*WORK INSTRUCTION*
Of the entries below, return exactly those lines that fall between the one containing "Configurația sa inteligentă" and the one containing "espiritualidad y felicidad.", the two end lines included.
**** DATA TO PROCESS
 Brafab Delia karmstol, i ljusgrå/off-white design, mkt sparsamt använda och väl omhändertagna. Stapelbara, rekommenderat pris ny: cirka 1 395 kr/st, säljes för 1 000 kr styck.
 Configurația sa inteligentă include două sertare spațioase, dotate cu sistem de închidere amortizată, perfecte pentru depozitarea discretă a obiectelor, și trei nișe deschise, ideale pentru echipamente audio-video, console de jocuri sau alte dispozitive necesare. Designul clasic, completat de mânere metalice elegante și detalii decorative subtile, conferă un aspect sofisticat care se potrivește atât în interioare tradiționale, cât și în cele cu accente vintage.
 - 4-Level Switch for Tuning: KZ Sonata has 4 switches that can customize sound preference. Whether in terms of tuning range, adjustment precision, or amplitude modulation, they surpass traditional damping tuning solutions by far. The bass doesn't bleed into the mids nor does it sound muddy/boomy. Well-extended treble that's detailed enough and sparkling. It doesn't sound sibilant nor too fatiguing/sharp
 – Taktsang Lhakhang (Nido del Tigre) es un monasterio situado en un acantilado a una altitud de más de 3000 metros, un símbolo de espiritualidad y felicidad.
********
**** DATA TO PROCESS
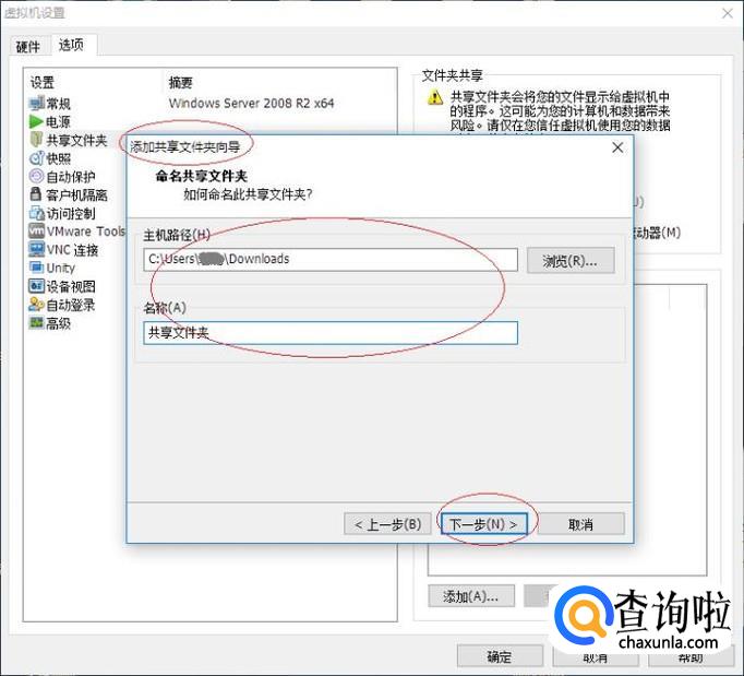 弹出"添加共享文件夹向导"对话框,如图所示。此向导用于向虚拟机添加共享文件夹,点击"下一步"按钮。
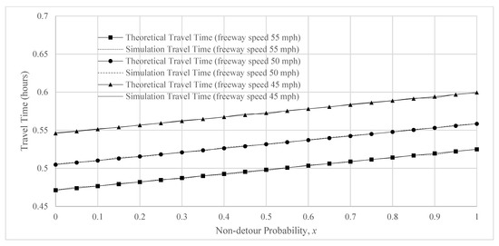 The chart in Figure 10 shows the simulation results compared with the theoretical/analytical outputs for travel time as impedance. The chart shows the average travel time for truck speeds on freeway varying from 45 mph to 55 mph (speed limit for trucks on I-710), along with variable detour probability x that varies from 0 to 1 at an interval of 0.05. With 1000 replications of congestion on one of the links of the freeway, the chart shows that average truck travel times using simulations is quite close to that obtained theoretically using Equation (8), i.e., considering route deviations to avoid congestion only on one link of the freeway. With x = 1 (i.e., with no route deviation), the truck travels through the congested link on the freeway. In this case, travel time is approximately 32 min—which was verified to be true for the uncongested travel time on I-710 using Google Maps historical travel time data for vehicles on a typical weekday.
********
*ANSWER FOR THE TASK*
 Configurația sa inteligentă include două sertare spațioase, dotate cu sistem de închidere amortizată, perfecte pentru depozitarea discretă a obiectelor, și trei nișe deschise, ideale pentru echipamente audio-video, console de jocuri sau alte dispozitive necesare. Designul clasic, completat de mânere metalice elegante și detalii decorative subtile, conferă un aspect sofisticat care se potrivește atât în interioare tradiționale, cât și în cele cu accente vintage.
 - 4-Level Switch for Tuning: KZ Sonata has 4 switches that can customize sound preference. Whether in terms of tuning range, adjustment precision, or amplitude modulation, they surpass traditional damping tuning solutions by far. The bass doesn't bleed into the mids nor does it sound muddy/boomy. Well-extended treble that's detailed enough and sparkling. It doesn't sound sibilant nor too fatiguing/sharp
 – Taktsang Lhakhang (Nido del Tigre) es un monasterio situado en un acantilado a una altitud de más de 3000 metros, un símbolo de espiritualidad y felicidad.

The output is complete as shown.